The British Ministry of Defense also highlighted Russian military challenges, while warning that Russia should step up its airstrikes in eastern and southern Ukraine. The ministry said Russian efforts to link its soldiers in Crimea, which Russia annexed in 2014, to Kremlin-backed troops in the Donbas region were being thwarted by Ukrainian counterattacks.
General Dvornikov’s appointment, reported by a senior US official on Saturday, was an effort to turn around that struggling campaign, US officials said.
General Dvornikov, 60, is the second highest rank in the Russian army. He was named a Hero of the Russian Federation for his command of Russian forces in the brutal war in Syria, where Mr Putin deployed Russian fighter jets and missiles to assist Syrian President Bashar al-Assad in a multifaceted conflict between the government. , armed rebels, jihadists and others. In September 2016, the general was appointed commander of Russia’s Southern Military District, responsible for the restive North Caucasus.
Russia was conducting its military campaign against Ukraine from Moscow, with no central wartime commander on the ground to coordinate air, ground and sea units.
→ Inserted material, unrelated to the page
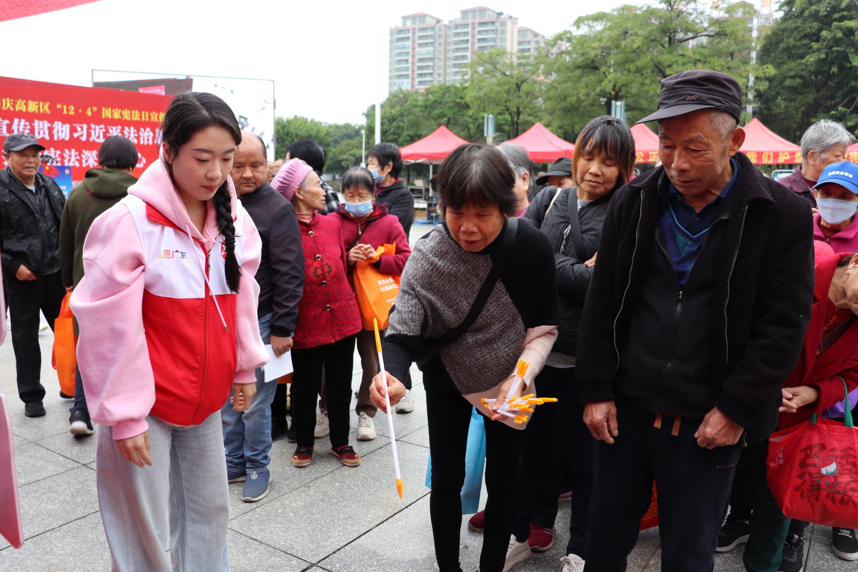 活动现场,肇庆高新区党工委副书记陈凯宏与群众一同参与。来自二十个普法成员单位的60余名业务骨干,通过发放资料、现场咨询等方式,围绕宪法、民法典、反诈等内容提供“面对面”法律服务,累计派发宣传资料3000余份。

That approach helped explain why the invasion struggled against surprisingly stiff Ukrainian resistance, and was plagued by poor logistics and low morale, U.S. officials said.
The disorganized assault also contributed to the deaths of at least seven Russian generals, as high-ranking officers were pushed to the front lines to sort out tactical problems that the Western military would have left to junior officers or senior enlisted personnel.
Eric Schmitt reported from Washington, Jane Arraf of Lviv, Ukraine, and Michael Levenson from New York. Reporting was provided by Andrew Higgins in Kosice, Slovakia, Thomas Gibbons-Neff and Natalia Yermak from Dnipro, Ukraine, Cora Engelbrecht from Krakow, victoria kim from Seoul, Julian E. Barnes of Washington, and Steven Erlanger and Matina Stevis-Gridneff from Brussels.